For those interested, it only took me a couple of hours to completely
redo my "lost" menu bar.
Have a good weekend all of you. I've got some architecture to do.
Joe Wilkins
On Mar 30, 2007, at 8:35 PM, J. Landman Gay wrote:
Joe Lewis Wilkins wrote:
Please enlighten me. With HC I never really had any problem using
Globals pretty extensively. I know all of the "old" adverse
thoughts and how it was felt to be bad programming practice; and,
perhaps, before we could have some pretty long vars, maybe it was
tough coming up with names that didn't create conflicts, but I
think we're past all of that now. So... why is using Custom
Properties any better than using globals.
Like Richard, I use variables and custom properties for different
reasons. If data needs to be saved permanently with the stack (like
a set of user prefs, for example) custom properties are perfect.
Rev stores your preferences this way. For data that is only used
during the current session, I think it is preferable to use variables.
But I avoid globals in general, and prefer script-local variables
instead. Globals clutter up the name space and the variable
watcher, they are hard to keep track of, and there can be naming
conflicts with other stacks. Mostly it's the cluttter I don't like.

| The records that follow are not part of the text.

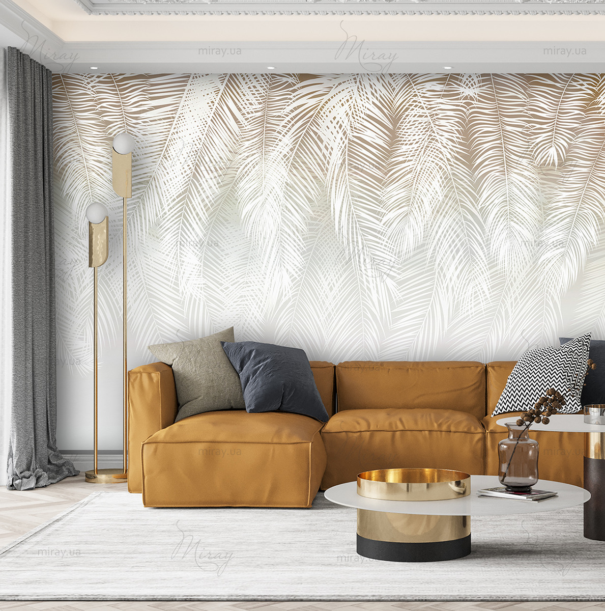 Листя пір’я охра з сірим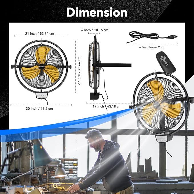 - ๐๐๐ฆ๐จ๐ญ๐ & ๐๐๐ง๐ง๐ฎ๐๐ฅ - This remote control wall fan supports two switching methods. You can easily operate the heavy duty wall fan through manual buttons or remote control. You can remotely control the wall mounted fan without going to the wall fan. Easily adjust the wind speed, mode and other settings to enjoy the most comfortable wind experience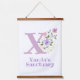 Initial & Name with Floral Design on a Wall-Hanging Tapestry. Personalised with your own name - Design features the recipient's Monogram & Name with Flowers either side in a water colour pastel style. Initial is the letter X. Example shows Xanda.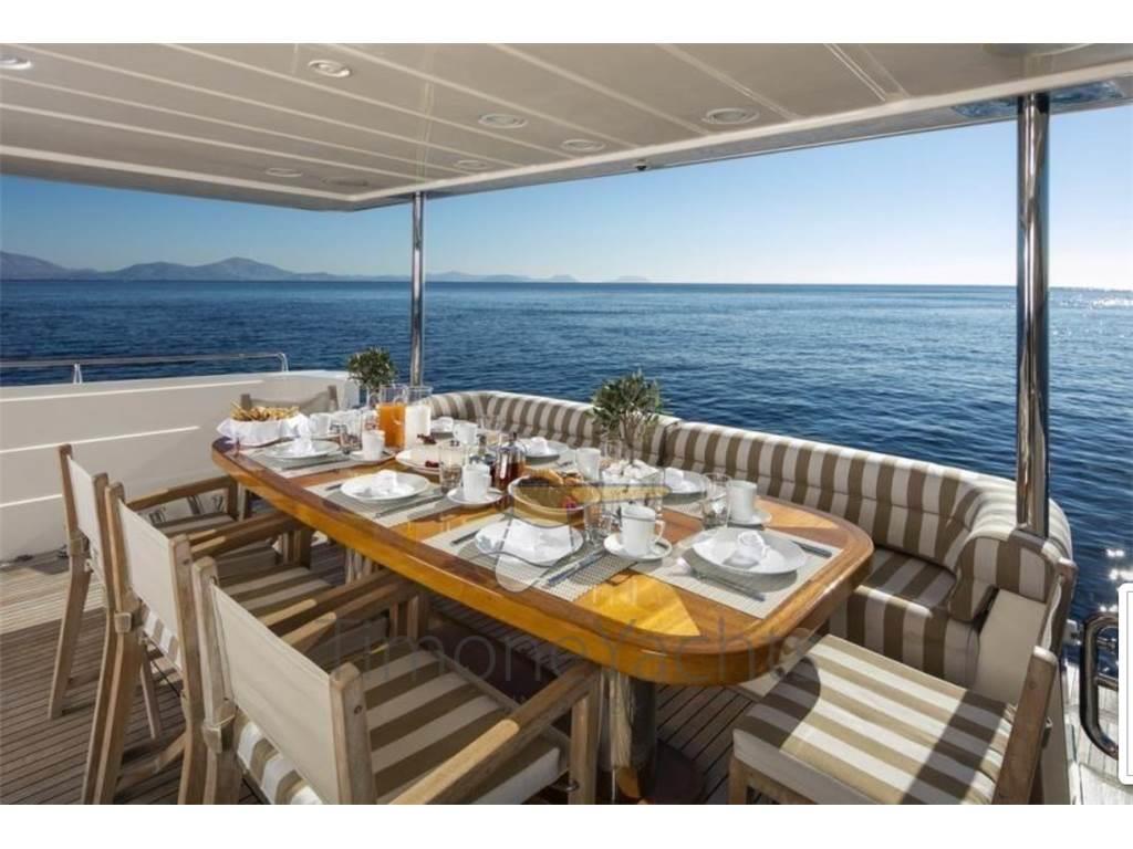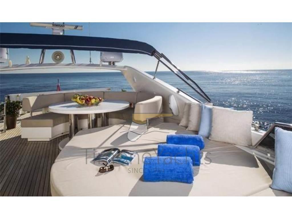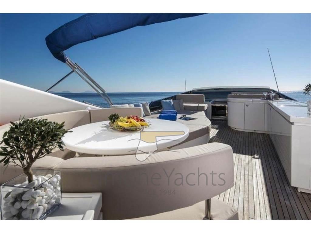 Ancora, Autogonfiabile, Doccia esterna, Doppia timoneria, Elica di poppa - stern thruster, Elica di prua - bow thruster, Flap idraulici, Gruette per tender su fly, Impianto antincendio, Passerella, Piattaforma, Pompa di sentina automatica, Pompa di sentina elettrica, Pompa di sentina manuale, Raddrizzatore, Salpa Ancore Elettrico, Scaletta da bagno, Tender (4.3 m Zar 60 hp).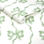 Ribbon Bow Blue wallpaper brings picture-perfect charm, as soft satin sky blue bows drift like daydreams across a crisp white backdrop. Painted in delicate watercolour brushstrokes, each trailing ribbon loops and curls with a lightness that feels almost airborne. This design is simple yet full of joy, feeling both pretty and playful.

I've translated a lot of HC stacks that make me cringe from global
overload. I've also noticed that many novice HC authors used
globals simply because they didn't know how to pass parameters.
That's easy to fix.
I once worked on a large HC conversion that used globals all over
the place, there must have been more than a hundred of them. This
was often necessary in HC because there wasn't any other way to do
certain things, but by the time your variable watcher fills up with
that many globals you can hardly keep track of any of them. In this
particular stack, I was able to change the globals to script-locals
in almost every case, and reduced the number of globals down to a
small handful. I usually only employ globals for data that needs to
be frequently accessed across stacks or objects. For infrequent
access I sometimes use custom properties intead; it depends.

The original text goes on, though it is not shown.